Non-human primates regain control of their paralyzed leg – as early as six days after spinal cord injury – thanks to a neuroprosthetic interface that acts as a wireless bridge between the brain and spine, bypassing the injury. A feasibility clinical study has begun in Switzerland to test the therapeutic effects of the spine-part of the interface in people with spinal cord injury.
On June 23rd, 2015, a primate with spinal cord injury regained control of its paralyzed leg with the help of a neuroprosthetic system called the “brain-spine interface” that bypassed the lesion, restoring communication between the brain and the region of the spinal cord. The results are published today in Nature.
The interface decodes brain activity associated with walking movements and relays this information to the spinal cord – below the injury – through electrodes that stimulate the neural pathways that activate leg muscles during natural locomotion.
The neuroprosthetic interface was conceived at École Polytechnique Fédérale De Lausanne (EPFL) in Lausanne, Switzerland, and developed together with an international network of collaborators including Medtronic, Brown University and Fraunhofer ICT-IMM. It was tested in collaboration with the University of Bordeaux, Motac Neuroscience and the Lausanne University Hospital (CHUV).
“This is the first time that neurotechnology restores locomotion in primates,” says neuroscientist Grégoire Courtine who led the collaboration and holds the IRP chair in spinal cord repair. “But there are many challenges ahead and it may take several years before all the components of this intervention can be tested in people.”
The brain is a huge network of cells called neurons. Information is processed in the brain by transmitting spikes of electricity from one neuron to the next. This electrical spiking gives rise to brain signals that can actually be measured and interpreted.
The lumbar region of the spinal cord also contains complex networks of neurons that activate leg muscles to walk. Bundles of nerves coming from the brain carry the relevant information to the spinal cord about the intended activation of leg muscles.
For intact nervous systems, signals about walking come from a small region (about the size of a dime for primates) of the brain called the motor cortex. Signals from the motor cortex travel down the spinal cord, reach the neural networks located in the lumbar region, and these in turn activate muscles in the legs to produce walking movements.
Spinal cord lesions partly or completely prevent these signals from reaching the neurons that activate leg muscles, leading to paralysis. But the motor cortex can still produce spiking activity about walking, and the neural networks activating muscles in the paralyzed leg are still intact and can still generate leg movements.
How the brain-spine interface works
The brain-spine interface bridges the spinal cord injury, in real-time and wirelessly. The neuroprosthetic system decodes spiking activity from the brain’s motor cortex and then relays this information to a system of electrodes located over the surface of the lumbar spinal cord, below the injury. Electrical stimulation of a few volts, delivered at precise locations in the spinal cord, modulates distinct networks of neurons that can activate specific muscles in the legs.

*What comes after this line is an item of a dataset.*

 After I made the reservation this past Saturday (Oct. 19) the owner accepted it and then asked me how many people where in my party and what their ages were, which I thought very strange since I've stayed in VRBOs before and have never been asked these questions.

“To implement the brain-spine interface, we developed an implantable, wireless system that operates in real-time and enabled a primate to behave freely, without the constraint of tethered electronics,” says Courtine. “We understood how to extract brain signals that encode flexion and extension movements of the leg with a mathematical algorithm. We then linked the decoded signals to the stimulation of specific hotspots in the spinal cord that induced the walking movement.”

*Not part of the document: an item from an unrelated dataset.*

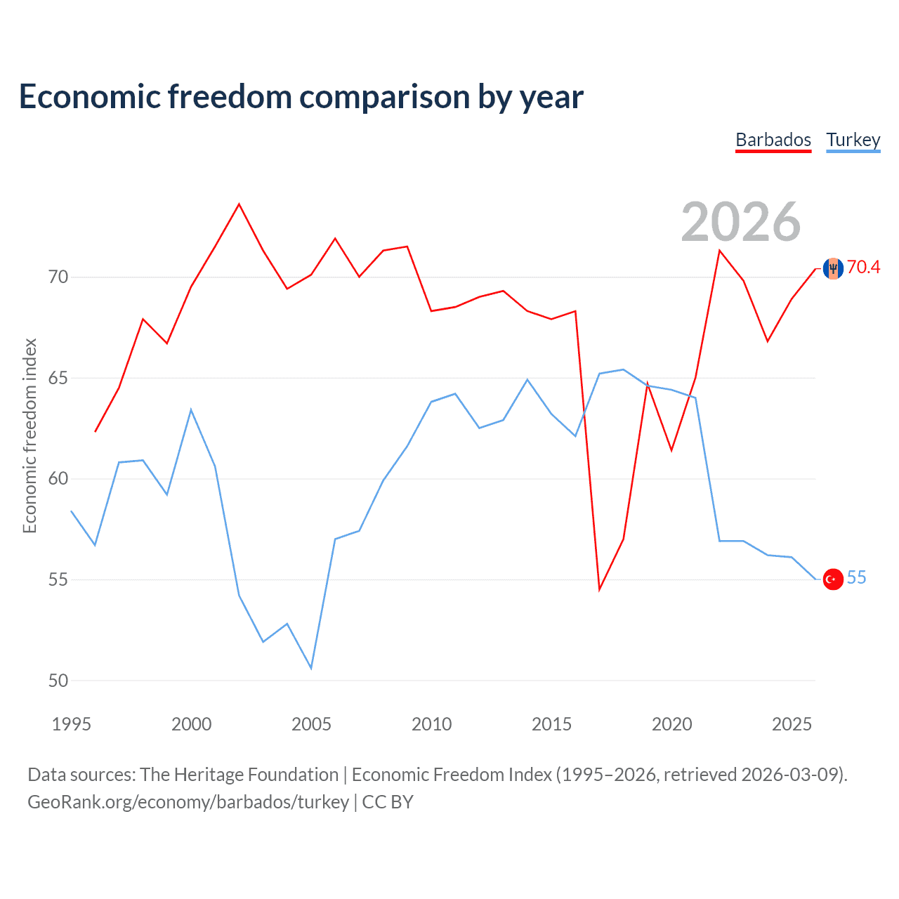 The Economic Freedom Index for Barbados is 70.4, ranking 34/197, compared to 55 for Turkey, ranking 129/197. The chart above displays a comparison of annual changes in economic freedom indexes.

For partial lesions of the spinal cord, the scientists showed that the primate regained control of its paralyzed leg immediately upon activation of the brain-spine interface. The interface should also work for more severe lesions of the spinal cord, according to the scientists, likely with the aid of pharmacological agents. Note that for these partial lesions, the primate is initially paralyzed and then spontaneously regains full mobility after about three months.
“The primate was able to walk immediately once the brain-spine interface was activated. No physiotherapy or training was necessary,” says neuroscientist Erwan Bezard of Bordeaux University who oversaw the primate experiments.

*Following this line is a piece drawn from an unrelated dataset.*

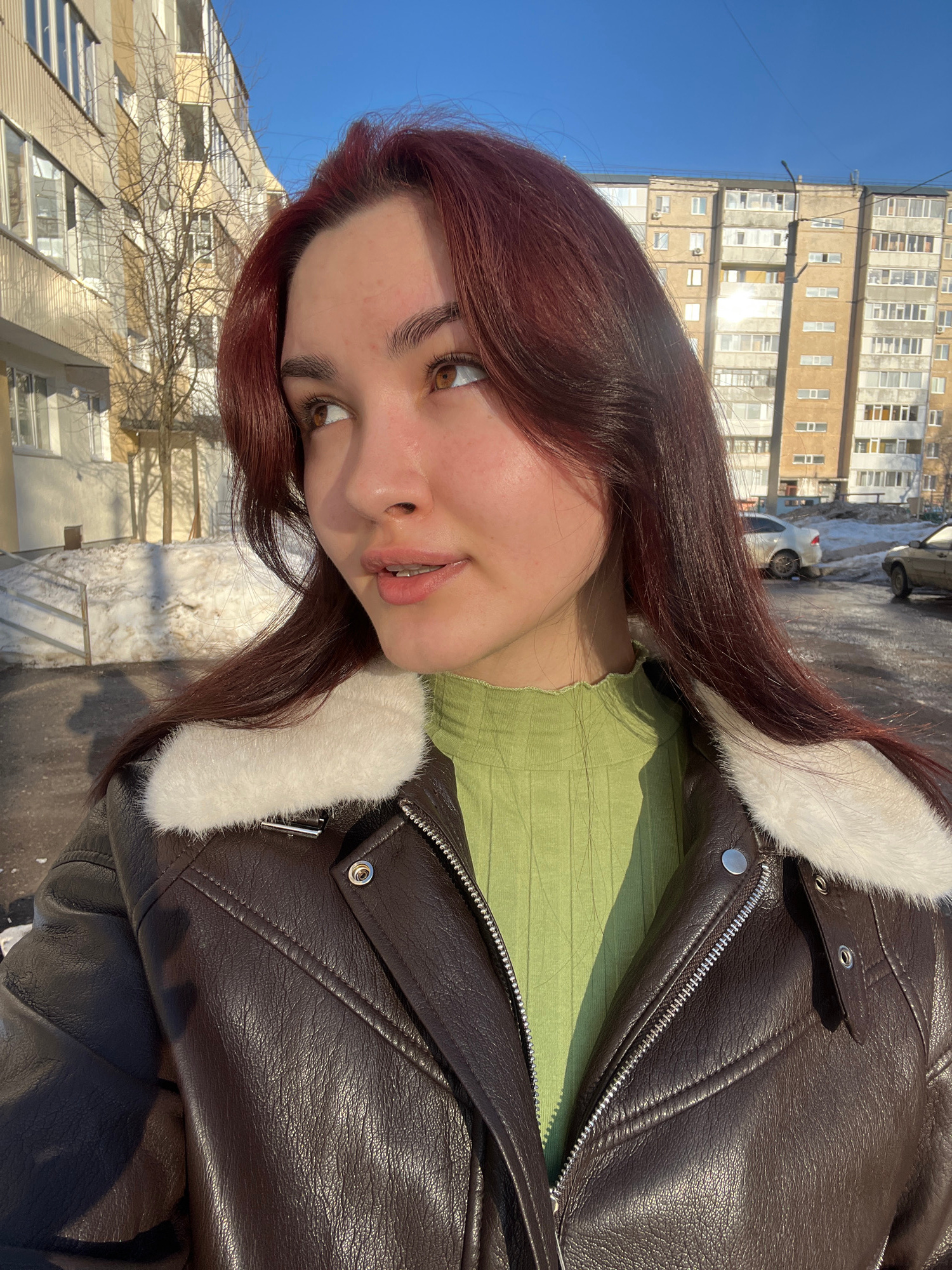A young woman with auburn hair and brown eyes is seen outdoors in front of a multi-story apartment building, likely located in Neftekamsk, Russia. She is wearing a brown leather jacket with white fur…read more

“The link between the decoding of the brain and the stimulation of the spinal cord – to make this communication exist – is completely new,” says neurosurgeon Jocelyne Bloch of the Lausanne University Hospital (CHUV) who leads the functional neurosurgery department at the Lausanne University Hospital and surgically implanted the brain and spinal cord implants.
She continues, “For the first time, I can imagine a completely paralyzed patient able to move their legs through this brain-spine interface.”
In collaboration with EPFL, Bloch is currently leading a clinical feasibility study that evaluates the therapeutic potential of this spinal cord stimulation technology, without the brain implant, to improve walking in people with partial spinal cord injury affecting the lower limbs.